In the spring of 1964, as fighting escalated in Vietnam, several dozen Americans gathered to play a game. They were some of the most powerful men in Washington: the director of Central Intelligence, the Army chief of staff, the national security advisor, and the head of the Strategic Air Command. Senior officials from the State Department and the Navy were also on hand.

Players were divided into two teams, red and blue, representing the Cold War superpowers. The teams operated out of separate rooms in the Pentagon, role-playing confrontation in Southeast Asia, simulated in a neutral command center. Receiving each team’s orders, the command center’s experts modeled the blue and red moves, and issued mock intelligence reports in response. Reports reflected the evolving conflict, but the intelligence was intentionally distorted to replicate the fog of war. After days of playing out different scenarios, the war gamers reached the conclusion that civilians in the United States and the rest of the world would vocally protest an American bombing offensive.

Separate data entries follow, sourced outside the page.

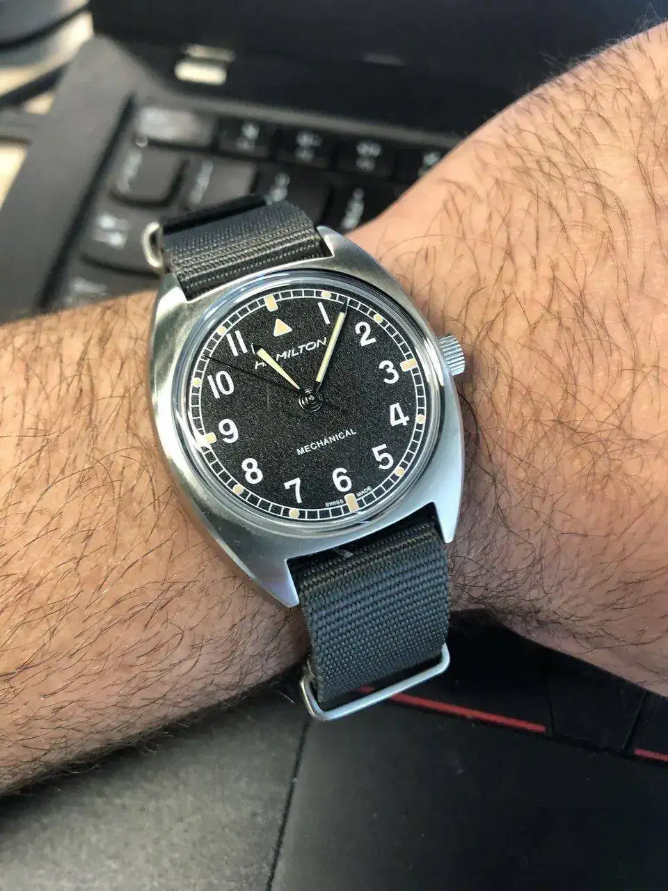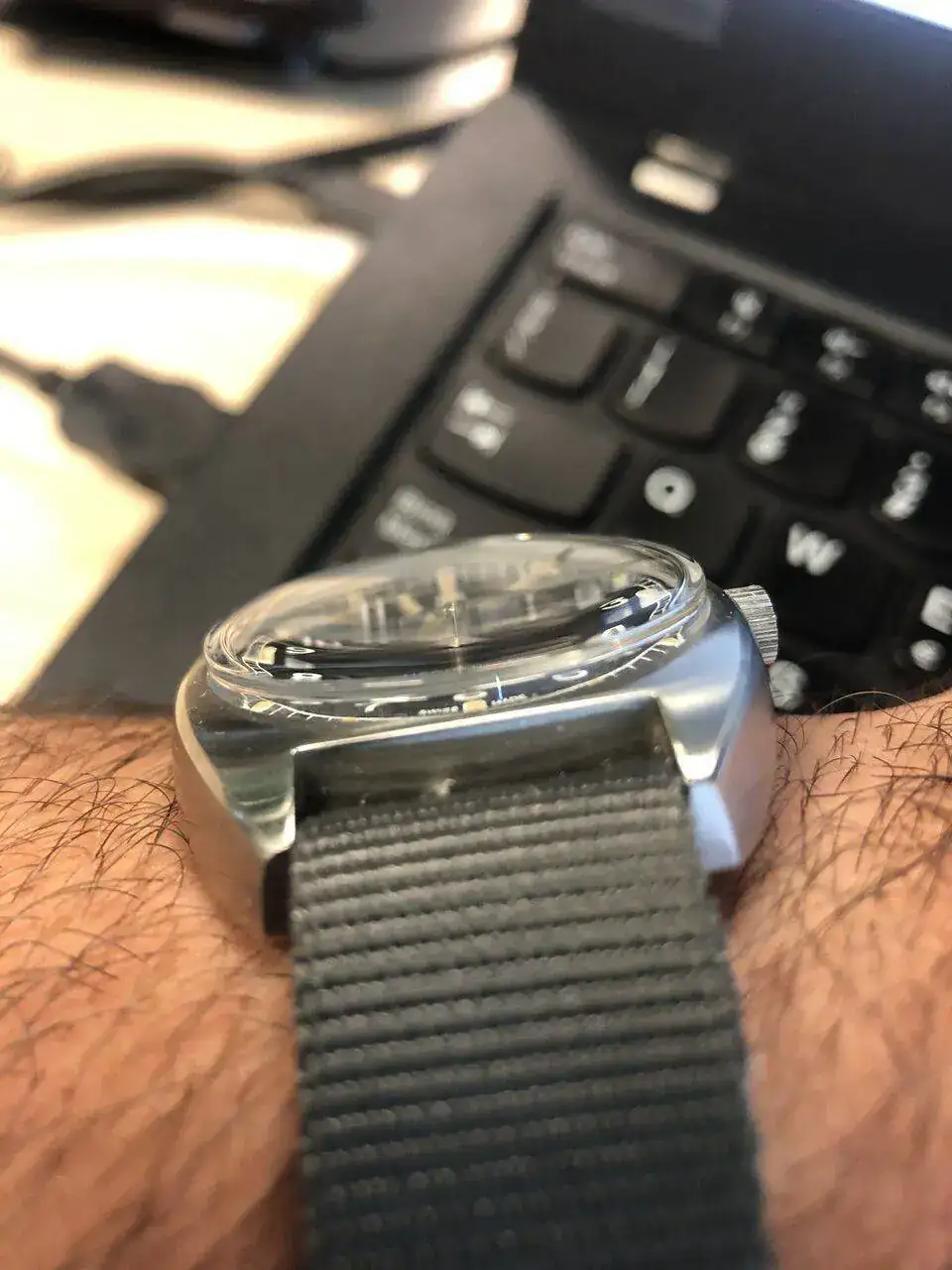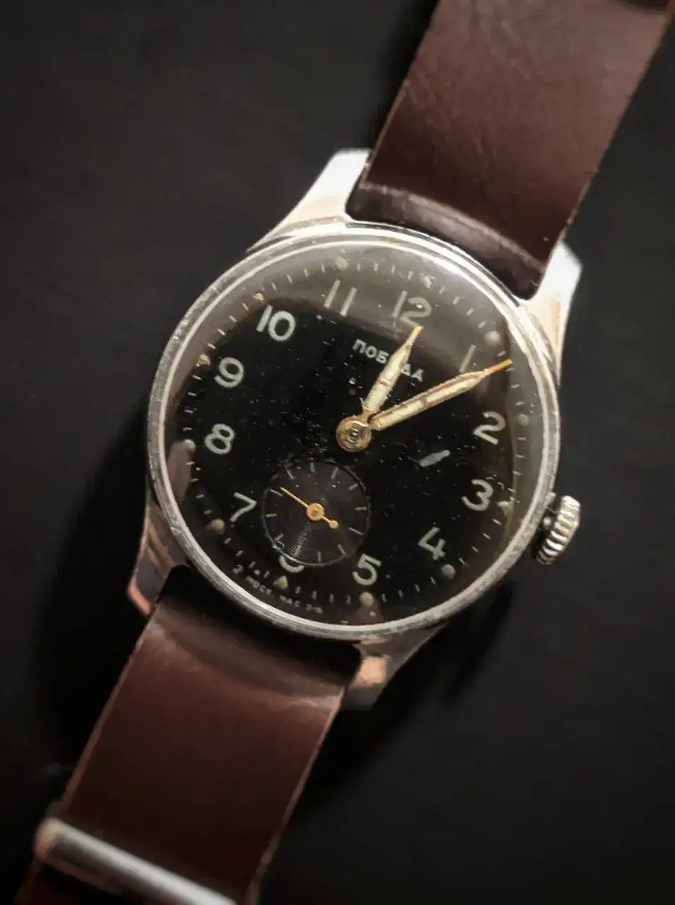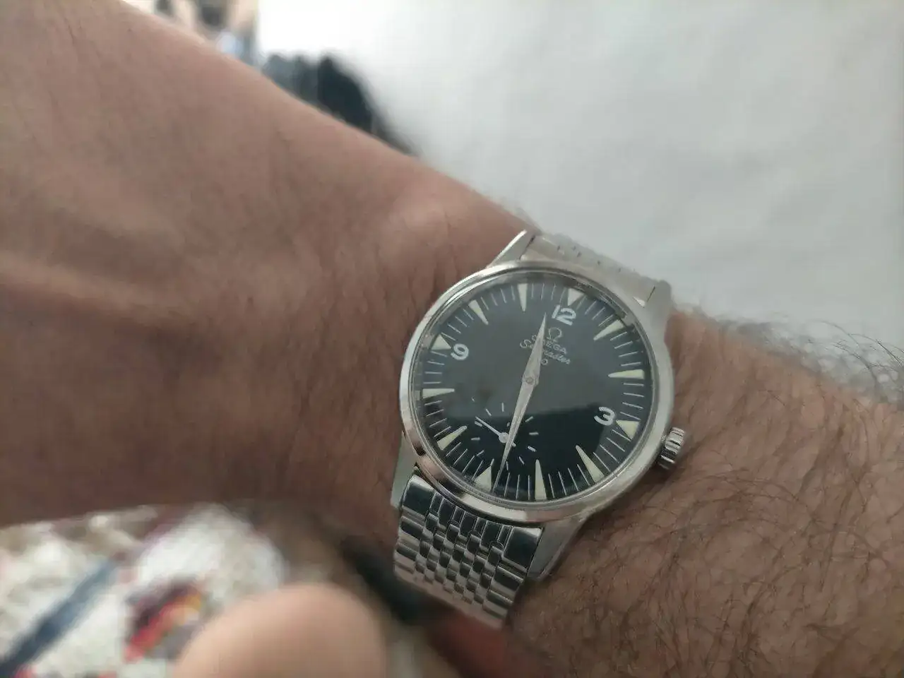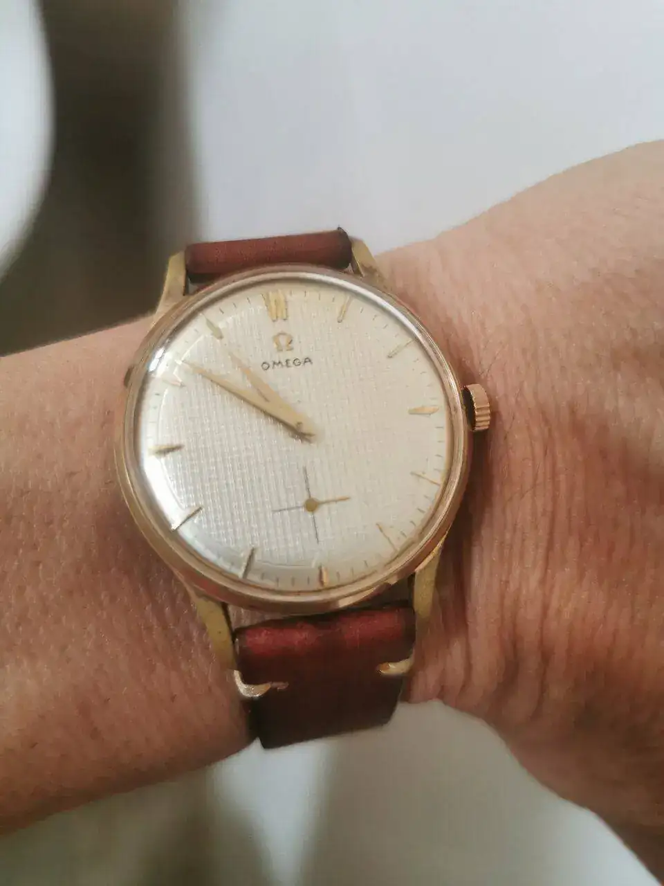 Preciosa piezaUn Certina de los años 40, de asas fijas, con una preciosa esfera «bull's eye» entre champán y salmón, y un KF330 en su interior.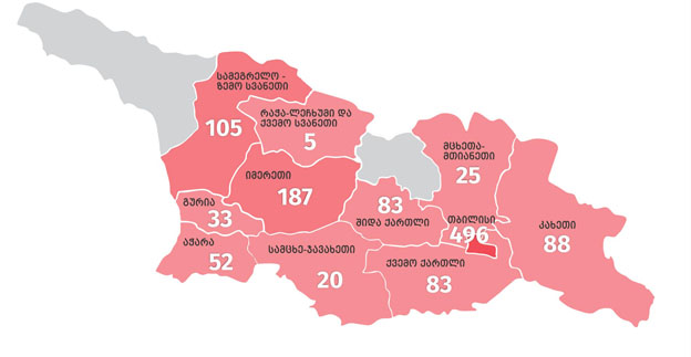 ვირუსის გავრცელების მაჩვენებლები დედაქალაქისა და რეგიონების მიხედვით გამოიყურება შემდეგი სახით: თბილისში გამოვლენილია 496 შემთხვევა, აჭარა - 52, იმერეთი - 187, ქვემო ქართლი - 83, შიდა ქართლი - 83, გურია - 33, სამეგრელო და ზემო სვანეთი - 105, კახეთი - 88, მცხეთა-მთიანეთი - 25, სამცხე-ჯავახეთი - 20, რაჭა-ლეჩხუმი და ქვემო სვანეთი - 5.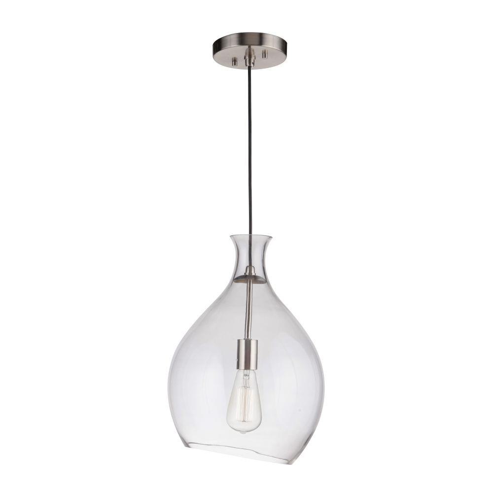 Pendant 1 Light Pendant in Brushed Polished NickelThe Zuni pendant collection inspires with it's abstract clear glass globe available in two sizes, striking brushed nickel finish and adjustable cord for easy installation.

The need to anticipate the dynamics of conflict increased as the U.S. Congress passed the Gulf of Tonkin Resolution in August of 1964, effectively declaring war on North Vietnam. So another war game was played.1 The objective was to play out the situation in Southeast Asia six months in the future. After ruling out an American nuclear attack, the teams role-played their way to a quagmire, in which the North Vietnamese countered every U.S. move in spite of lives lost and ruined infrastructure. The games forecast political crisis in the U.S., with no plausible path to American military victory. For the second time in a year, war games proved prescient, and also futile, as the government insisted on letting tragedy play out for real.

Buckminster Fuller foresaw the consequences of American intervention in Vietnam without the help of a military simulation. A professional visionary, Fuller was a self-made engineer-architect-inventor whose interests spanned from mathematics to philosophy. Born in Massachusetts in 1895, Fuller devoted his life to making “the world work for 100 percent of humanity, in the shortest possible time, through spontaneous cooperation, without ecological offense or the disadvantage of anyone.”

gaming peace: Buckminister Fuller, at the head of the table, leads a seminar on his World Game in New York City in 1969. His Dymaxion map on the wall behind him envisions all the continents on Earth as a single island in a sea, underscoring the world population’s interdependence.Courtesy of the Estate of R. Buckminster Fuller

As the Vietnam conflict spiraled out of control, Fuller had a solution. His idea was simple: Instead of playing secret war games deep inside the Pentagon, the United States should host a world peace game out in the open. The concept was an elaboration on his proposal to build a geoscope inside the U.S. Pavilion of the 1964 World’s Fair. An animated Dymaxion world map would show all the resources on the planet, as well as all human and natural activity, from troop deployment to ocean currents.